In the context of expanding future research in this field, other sources of data, such as sea surface temperature and sea surface salinity, could be used in the calibration process. In addition, the proposed data assimilation method should be tested on other numerical ocean models. Furthermore, it is possible to check areas prone to the use of marine energy in the study area with the aid of wave modeling.

Author Contributions

Conceptualization, M.P. and M.R.N.; methodology, M.P., M.R.N., A.A. and M.J.T.; data curation, M.P. and A.A.; formal analysis, M.P.; funding acquisition, A.A. and M.J.T.; software, M.P. and M.R.N.; visualization, M.P. and A.A.; writing—original draft, M.P.; writing—review and editing, M.R.N. and M.J.T. All authors have read and agreed to the published version of the manuscript.

Funding

This research was funded by the LUH’s open-access publishing fund (https://www.tib.eu/de/publizieren-archivieren/open-access-finanzieren/publikationsfonds-leibniz-universitaet; accessed on 17 September 2022).
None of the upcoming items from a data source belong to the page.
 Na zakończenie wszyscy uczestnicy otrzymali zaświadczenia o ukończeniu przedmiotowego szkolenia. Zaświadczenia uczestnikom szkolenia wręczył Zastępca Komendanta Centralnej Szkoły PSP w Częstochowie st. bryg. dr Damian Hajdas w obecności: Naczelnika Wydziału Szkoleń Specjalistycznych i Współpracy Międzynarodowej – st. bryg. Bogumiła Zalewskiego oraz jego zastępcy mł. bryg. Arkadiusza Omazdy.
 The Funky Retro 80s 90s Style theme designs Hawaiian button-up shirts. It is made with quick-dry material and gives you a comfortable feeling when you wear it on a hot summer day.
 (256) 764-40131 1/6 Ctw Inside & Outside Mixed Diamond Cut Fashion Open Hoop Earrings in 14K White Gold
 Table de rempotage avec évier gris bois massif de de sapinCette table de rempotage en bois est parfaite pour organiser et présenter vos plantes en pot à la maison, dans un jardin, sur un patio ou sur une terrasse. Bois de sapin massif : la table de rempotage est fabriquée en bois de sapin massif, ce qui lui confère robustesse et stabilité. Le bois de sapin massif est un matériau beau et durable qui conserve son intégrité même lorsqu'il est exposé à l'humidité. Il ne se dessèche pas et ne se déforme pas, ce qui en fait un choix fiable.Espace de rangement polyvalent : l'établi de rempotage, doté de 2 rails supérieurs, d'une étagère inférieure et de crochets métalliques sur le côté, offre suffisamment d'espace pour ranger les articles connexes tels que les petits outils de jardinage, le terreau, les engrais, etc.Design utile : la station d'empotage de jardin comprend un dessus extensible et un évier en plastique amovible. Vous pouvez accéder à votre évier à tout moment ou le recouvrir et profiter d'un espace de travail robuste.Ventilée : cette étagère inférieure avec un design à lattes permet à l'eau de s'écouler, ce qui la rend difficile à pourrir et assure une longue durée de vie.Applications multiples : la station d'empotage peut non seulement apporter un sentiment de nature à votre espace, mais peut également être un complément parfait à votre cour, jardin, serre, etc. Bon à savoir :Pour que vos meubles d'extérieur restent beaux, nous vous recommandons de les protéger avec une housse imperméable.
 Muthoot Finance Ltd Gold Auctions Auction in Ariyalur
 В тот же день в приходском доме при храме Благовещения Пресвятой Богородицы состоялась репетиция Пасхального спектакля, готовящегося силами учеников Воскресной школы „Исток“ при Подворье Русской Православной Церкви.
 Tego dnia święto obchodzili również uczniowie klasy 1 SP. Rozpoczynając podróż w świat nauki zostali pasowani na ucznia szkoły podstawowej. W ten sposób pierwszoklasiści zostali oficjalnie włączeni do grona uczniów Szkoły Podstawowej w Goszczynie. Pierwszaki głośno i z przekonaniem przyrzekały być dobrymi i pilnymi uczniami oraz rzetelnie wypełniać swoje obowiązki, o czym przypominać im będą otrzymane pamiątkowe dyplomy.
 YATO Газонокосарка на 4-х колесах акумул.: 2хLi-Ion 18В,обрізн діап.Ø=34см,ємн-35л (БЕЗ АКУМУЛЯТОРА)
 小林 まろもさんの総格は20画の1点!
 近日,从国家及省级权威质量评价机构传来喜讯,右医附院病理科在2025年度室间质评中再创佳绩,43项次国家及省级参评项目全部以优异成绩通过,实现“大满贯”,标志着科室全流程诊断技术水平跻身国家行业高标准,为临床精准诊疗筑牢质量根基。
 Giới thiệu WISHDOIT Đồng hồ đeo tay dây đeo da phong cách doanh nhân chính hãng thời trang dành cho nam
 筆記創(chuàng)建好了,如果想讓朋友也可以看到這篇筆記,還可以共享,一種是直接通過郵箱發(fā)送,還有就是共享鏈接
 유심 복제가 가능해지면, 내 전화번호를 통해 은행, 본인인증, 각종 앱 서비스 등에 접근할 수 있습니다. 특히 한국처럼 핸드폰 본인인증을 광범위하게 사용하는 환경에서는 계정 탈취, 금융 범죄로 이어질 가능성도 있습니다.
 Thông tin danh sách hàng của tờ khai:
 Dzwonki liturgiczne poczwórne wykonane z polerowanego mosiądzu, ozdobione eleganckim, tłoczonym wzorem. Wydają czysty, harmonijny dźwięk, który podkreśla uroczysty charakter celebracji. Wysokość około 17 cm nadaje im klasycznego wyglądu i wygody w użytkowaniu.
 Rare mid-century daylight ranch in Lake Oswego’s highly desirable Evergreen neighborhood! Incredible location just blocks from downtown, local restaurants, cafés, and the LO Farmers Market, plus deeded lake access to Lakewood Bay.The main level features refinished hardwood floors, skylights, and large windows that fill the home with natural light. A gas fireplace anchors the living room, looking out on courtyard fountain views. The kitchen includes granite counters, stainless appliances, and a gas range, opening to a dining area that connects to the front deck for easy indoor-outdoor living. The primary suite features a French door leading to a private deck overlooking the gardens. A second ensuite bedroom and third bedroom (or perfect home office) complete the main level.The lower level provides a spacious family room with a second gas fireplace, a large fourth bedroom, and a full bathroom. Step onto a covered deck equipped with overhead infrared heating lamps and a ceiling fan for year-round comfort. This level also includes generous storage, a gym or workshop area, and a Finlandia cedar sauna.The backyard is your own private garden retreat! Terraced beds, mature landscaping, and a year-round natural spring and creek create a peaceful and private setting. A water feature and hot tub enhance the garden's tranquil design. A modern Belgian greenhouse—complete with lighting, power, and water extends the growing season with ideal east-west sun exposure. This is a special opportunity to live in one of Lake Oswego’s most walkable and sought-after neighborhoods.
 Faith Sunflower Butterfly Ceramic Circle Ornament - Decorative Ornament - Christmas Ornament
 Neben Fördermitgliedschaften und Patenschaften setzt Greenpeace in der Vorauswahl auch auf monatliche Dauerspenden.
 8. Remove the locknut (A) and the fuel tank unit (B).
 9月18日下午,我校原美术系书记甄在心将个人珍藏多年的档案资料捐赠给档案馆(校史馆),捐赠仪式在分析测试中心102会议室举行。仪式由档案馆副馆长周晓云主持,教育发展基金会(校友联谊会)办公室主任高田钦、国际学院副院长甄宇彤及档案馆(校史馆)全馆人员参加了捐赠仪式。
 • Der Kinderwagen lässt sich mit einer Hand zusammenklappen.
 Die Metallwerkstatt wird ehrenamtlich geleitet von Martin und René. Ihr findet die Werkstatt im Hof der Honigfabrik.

Data Availability Statement

The datasets generated and analyzed during the current study are available from the corresponding author on reasonable request.

Acknowledgments

We would like to express our great appreciation to the reviewers for the time they invested in editing our manuscript and their valuable comments to address their concerns for improving the paper.

Conflicts of Interest

The authors declare no conflict of interest.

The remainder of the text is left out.